Orlando’s smelled like garlic and was empty, save one other couple brave enough to come out in the weather. “Good evening, Kathy,” the hostess, Marie, a friend of my mother’s, greeted us. Her eyes widened when she saw the cast, but she knew enough not to ask questions. “Miserable night out isn’t it?” She seated us and handed us menus.
“Marie, meet Brian.” She gave him a quick up and down.

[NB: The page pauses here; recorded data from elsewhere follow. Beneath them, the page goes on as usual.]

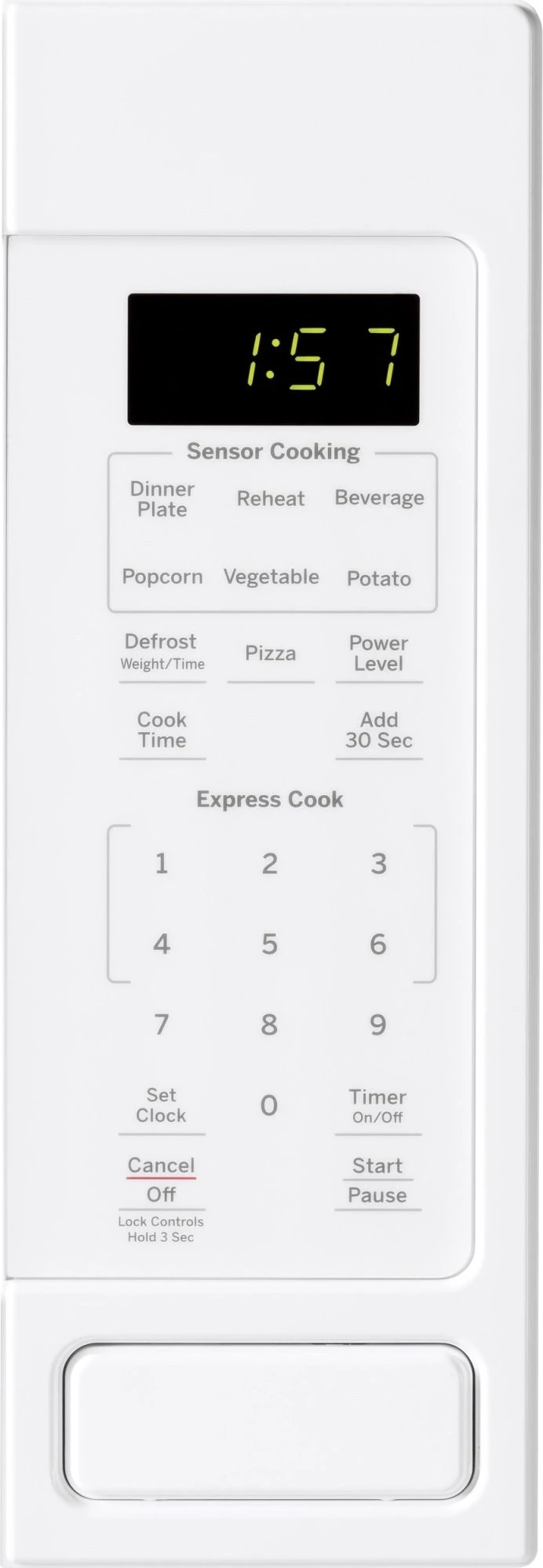 1.6 cu. ft. Countertop Microwave Oven with 1,150 Cooking WattsThis countertop microwave from GE features sensor cooking controls that automatically adjust time and power for delicious cooking results. Defrosting is easy with the weight and time defrost option. Simply enter the weight of the food and let the microwave automatically set the optimal defrosting time and power level, or you can also set your own desired time for defrosting! And if you need a little more time, add 30 extra seconds to your cooking time with one touch. This appliance also provides the safety you need with a control lockout feature that prevents accidental activation of your microwave.About GEGE Consumer and Industrial spans the globe as an industry leader in major appliance, lighting and integrated industrial equipment systems and services. They provide solutions for commercial, industrial and residential use in more than 100 countries which uses innovative technologies and “ecomagination.” It’s a GE initiative to aggressively bring to market new technologies that help customers and consumers meet pressing environmental challenges to deliver comfort, convenience and electrical protection and control. GE brings imagination to work.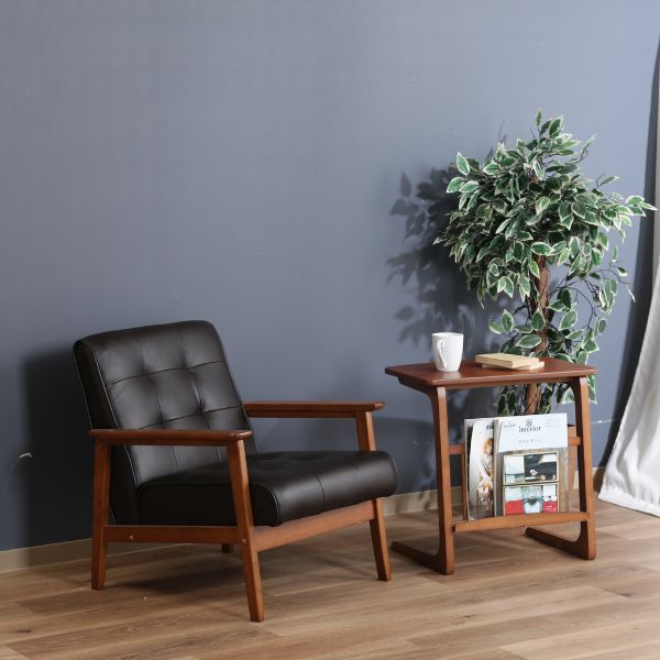 ●材質:構造部材:天然木/張り材:合成皮革(PU)/クッション材:ウェービングベルト/ウレタンフォーム/背面:ウレタンフォーム/脚部:天然木(ラバーウッド)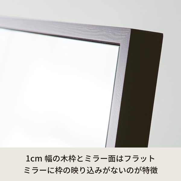1cm幅の木枠とミラー面は、ほぼフラットで見た目に美しく、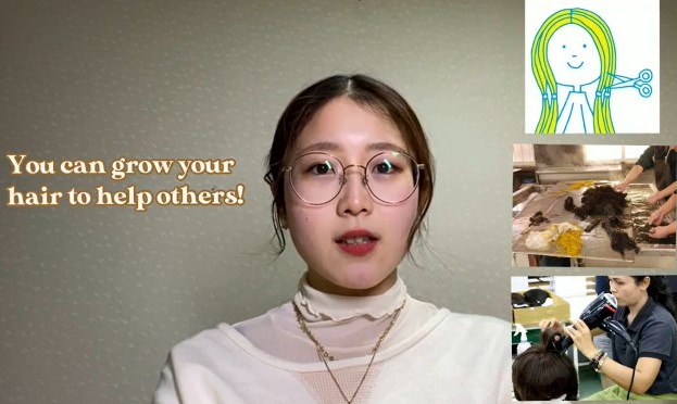 看護学群1年生による「You can grow your hair to help others!」では、ヘアドネーションをテーマに、必要な髪の長さやウィッグが作られる工程などが紹介されました。また、食産業学群4年生による「What I want you tell you as a 4th grade student」では、自身の経験や「HONDA」の創業者である本田宗一郎などの著名人の言葉を交えながら、大学生のうちに失敗を恐れずに挑戦することの重要さについて紹介されました。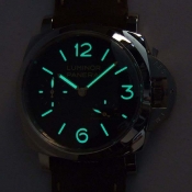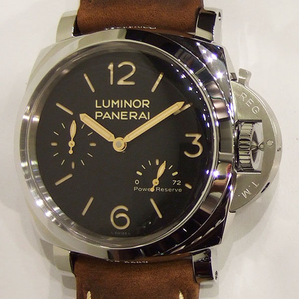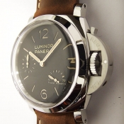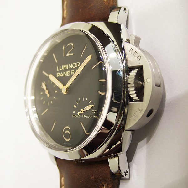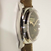 簡述: Luminor 1950 3 Day - 47mm 3日鏈動力儲存腕錶/ 型號:PAM00423/ V 字頭限量製作800只/ 採自製編號:P.3000 手上鏈機芯, 厚:5.3mm,16 1/2法分, 21石, 2 個發條盒,Glucydur平衡擺輪,每小石震頻 21,600次,Incabloc防震裝置,完全由PANERAI研製/ 具時ˋ分ˋ指示,錶面 72 小時動力儲存扇型指示/ 黑色面盤(三明治面盤)/ 夜光指針及時標/ 錶徑: 47 mm/ 精鋼拋亮及霧面錶殼/ 大ㄇ型(普通型)鋼質扣頭/ 特殊專利龍頭護橋(上有REG. 及 T.M.字樣)/ 金魚缸式圓弧形藍寶石水晶鏡面/ 藍寶石水晶透明錶背/ 防水達100米/ 搭配原廠深咖啡色舊化處理牛皮錶帶及替代用黑色橡膠錶帶各 1 條方便自行拆換.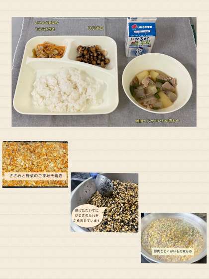 ※豚肉とじゃがいもの煮もの ※ひじき豆 ※ささみと野菜のごまみそ

When we were alone she would want the details, but she was working now and polite. I knew she would tell my mother everything as soon as she had the chance.
“Nice to meet you,” Brian said.
I took my time with the menu. At home I let the boys have first run at the leftovers my mother brought us home from
the automat.
“What happened to your hand?” Brian asked.
“I had a fight with my—” but I felt the hot sting of tears and quit talking.
“It’s all right.” He looked at me over his menu. “I have sisters.”
I wasn’t sure what he meant, but it made me laugh. “So do I.” I wiped my eyes on the napkin. “And four brothers too.”
“Well, you beat me there. I have one brother.”
“I got in a fight with one of them,” I said quickly. “He stole my camera. He’ll steal anything he can sell.”
Brian watched me. He was quiet for a while. Finally, he passed me the bread. “I think I’ll have the steak,” he said, saving me from talking about Corky. “You?” He aligned his knife and fork with the plate.
“I’ll have the same.” I smiled
“How about a bottle of Pinot Noir?”
I wasn’t sure what kind of wine Pinot Noir was, but it sounded perfect.
When Marie brought our meals, I realized I couldn’t cut my meat. Brian reached over and took the knife from my hand. His forehead creased while he cut, and I could smell the wine, those Lucky Strikes that reminded me of Gracie, and the leather from his suede jacket.
“When are you going on the police force?” I took a sip of the wine and rolled it around in my mouth.
He glanced at me. “I’m not sure. With Mayor Lindsay’s layoffs, it might not be for a while.”
“How do you know you’ll be called?”
He cut the meat into precise, bite-size pieces. “They already interviewed me. I worked with munitions in the Air Force.”
“Munitions?”
“Military weapons. Bombs.”
I studied the strong flex of his jaw. “Isn’t that scary?”
“No. It isn’t the kind of job you can do if you’re scared.” He cut the last bite of steak. “It takes a steady hand.”
“You must have nerves of steel.” And the longest lashes I have ever seen on a guy.